During his career, Loggins was also selected to numerous NBL All-Star Games, winning the first two-game MVP awards in 1982 at the Apollo Stadium in Adelaide and again in 1988 at The Glass House in Melbourne. Although these games were 6 years apart, as there was no All-Star Game played from 1983 to 1987 this gave Loggins the distinction of being the only player to win consecutive NBL All-Star Game MVP awards. He is one of only three players (along with Andrew Gaze and Darryl McDonald) to win the award twice.

Loggins would eventually retire after 21 seasons in the NBL despite still being an integral part of the Bullets line-up at 43 years of age.
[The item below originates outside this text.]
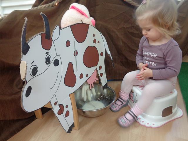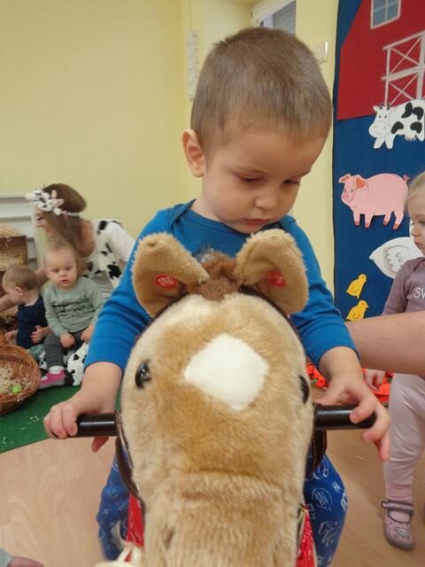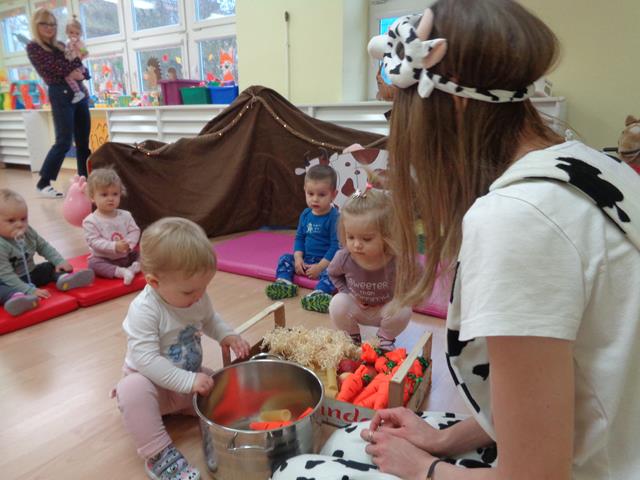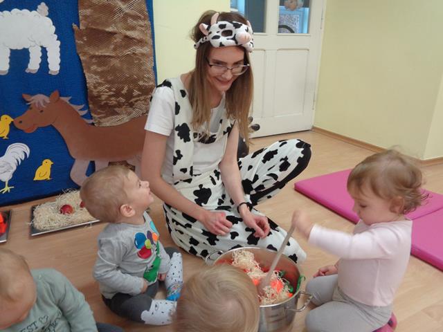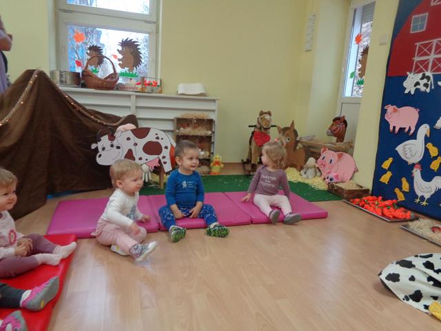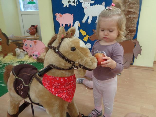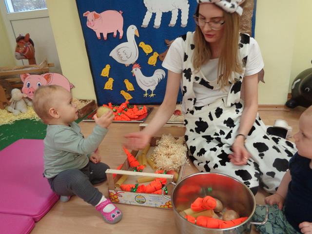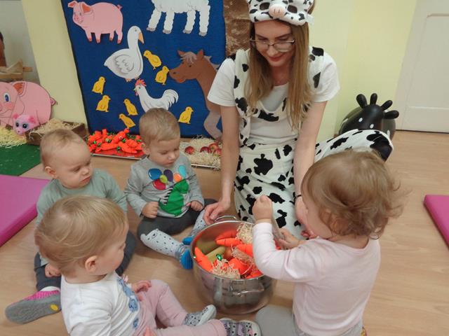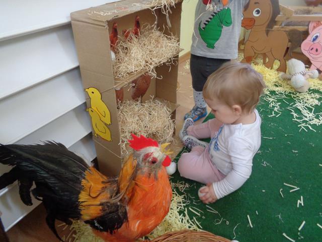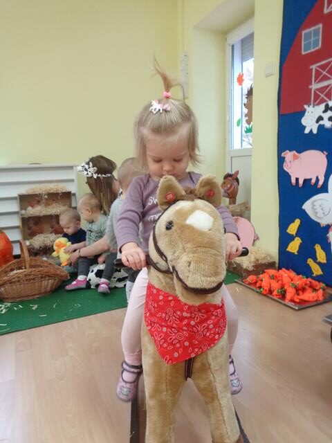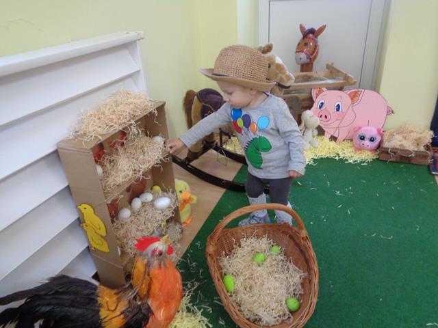 W czasie zajęć zabawowych w grupie Raczków maluszki poprzez zabawę zdobywały wiadomości na temat zwierząt na wiejskim podwórku. Na farmie z zaciekawieniem wysłuchały bajeczki pt.”W gospodarstwie”, co przyczyniło się do rozwoju mowy dzieci. Próby naśladowania odgłosów zwierząt: krowy,konia,świnki oraz kurki to świetna zabawa logopedyczna. Odgrywanie ról kucharzy pozwoliło nam rozwijać motorykę małą poprzez przesypywanie,mieszanie oraz dotykanie różnych produktów. Największe zainteresowanie wzbudziły u maluszków zabawy ze zwierzątkami, karmienie, głaskanie, jeżdżenie na koniku oraz zbieranie jajeczek.Dzień minął w pełnej wrażeń i uśmiechu atmosferze.

The number 30 jersey worn by Loggins throughout his career was retired by the Bullets in his honour.

Loggins retired with a then record 567 NBL games, later surpassed by both Andrew Gaze and Tony Ronaldson. He also scored 13,106 points during his career, at 23.1 points per game, grabbed 3,897 rebounds at 6.8 per game, another Top 10 in the league achievement and is second in all time steals with 1,221 at 2.1 per game.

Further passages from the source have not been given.